Andy Blunden ablunden@mira.net
Mon Oct 27 01:30:18 PDT 2014


Sure, Carol. You can teach children to manipulate children according to 
a set of rules. In my very limited experience, when kids learn how to 
manipulate symbols according to a social convention, they do not grasp 
the concept behind the rule, consequently when the rules get to a 
certain level of difficulty they just can't cope any longer and give up. 
Like learning to navigate a city by memorising the directions.

I imagine it is difficult to extract "divide" from "share" by decoding a 
text, and so on, but I guess if kids are taught to do this and practise 
it for hours each day they will learn to do it.

I take it that you are suggesting, Carol, that a "word problem" is in 
fact a way of presenting the child a real-life situation. This leaves 
the child the task of (1) understanding the words, (2) abstracting the 
maths problem, (3) successfully manipulating the symbols to a solution.

I think the issue is to grasp the problem here "genetically." A 
professional mathematician manipulates symbols. A preschool child counts 
real objects.
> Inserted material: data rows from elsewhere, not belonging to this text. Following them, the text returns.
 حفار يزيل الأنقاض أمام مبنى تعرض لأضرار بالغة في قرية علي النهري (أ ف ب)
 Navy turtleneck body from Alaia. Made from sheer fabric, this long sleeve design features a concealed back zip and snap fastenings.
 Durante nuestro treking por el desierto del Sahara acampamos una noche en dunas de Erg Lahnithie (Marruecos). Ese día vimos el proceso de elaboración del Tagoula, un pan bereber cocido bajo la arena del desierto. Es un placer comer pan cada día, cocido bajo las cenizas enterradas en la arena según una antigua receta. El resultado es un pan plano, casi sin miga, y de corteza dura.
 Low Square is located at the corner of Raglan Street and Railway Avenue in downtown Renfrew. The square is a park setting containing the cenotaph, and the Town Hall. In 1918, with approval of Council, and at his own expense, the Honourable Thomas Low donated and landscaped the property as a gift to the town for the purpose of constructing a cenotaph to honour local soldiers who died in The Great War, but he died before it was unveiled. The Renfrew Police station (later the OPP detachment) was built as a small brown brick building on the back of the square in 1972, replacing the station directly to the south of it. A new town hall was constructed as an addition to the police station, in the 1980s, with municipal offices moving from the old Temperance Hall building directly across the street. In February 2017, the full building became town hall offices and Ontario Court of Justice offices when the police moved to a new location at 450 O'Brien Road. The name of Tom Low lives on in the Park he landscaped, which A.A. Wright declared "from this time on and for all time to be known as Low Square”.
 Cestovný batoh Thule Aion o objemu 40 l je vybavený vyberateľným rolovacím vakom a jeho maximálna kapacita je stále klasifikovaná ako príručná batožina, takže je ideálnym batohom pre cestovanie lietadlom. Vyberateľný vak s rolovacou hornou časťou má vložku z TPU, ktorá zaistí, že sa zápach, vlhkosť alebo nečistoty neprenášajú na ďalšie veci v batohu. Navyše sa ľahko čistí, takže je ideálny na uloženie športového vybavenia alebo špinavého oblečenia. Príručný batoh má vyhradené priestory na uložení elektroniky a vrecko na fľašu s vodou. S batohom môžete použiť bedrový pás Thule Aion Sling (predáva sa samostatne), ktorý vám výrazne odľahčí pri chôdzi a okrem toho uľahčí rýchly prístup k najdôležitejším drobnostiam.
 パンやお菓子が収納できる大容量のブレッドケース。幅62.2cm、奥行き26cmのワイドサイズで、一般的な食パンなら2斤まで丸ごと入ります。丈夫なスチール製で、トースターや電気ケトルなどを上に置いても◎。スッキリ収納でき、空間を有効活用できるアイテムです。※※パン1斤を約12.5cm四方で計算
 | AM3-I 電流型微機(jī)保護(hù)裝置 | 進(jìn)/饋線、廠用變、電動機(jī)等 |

To get from one to the other, is not, in my view, a jump 
from handling objects to handling symbols, it is a long drawn out 
process in which the rules of symbol manipulation still carry the marks 
of their origin in object manipulation, psychologically and logically. I 
think the "unit of analysis" problem is also the "germ-cell" problem.  I 
think we have to conceive of learning mathematics genetically.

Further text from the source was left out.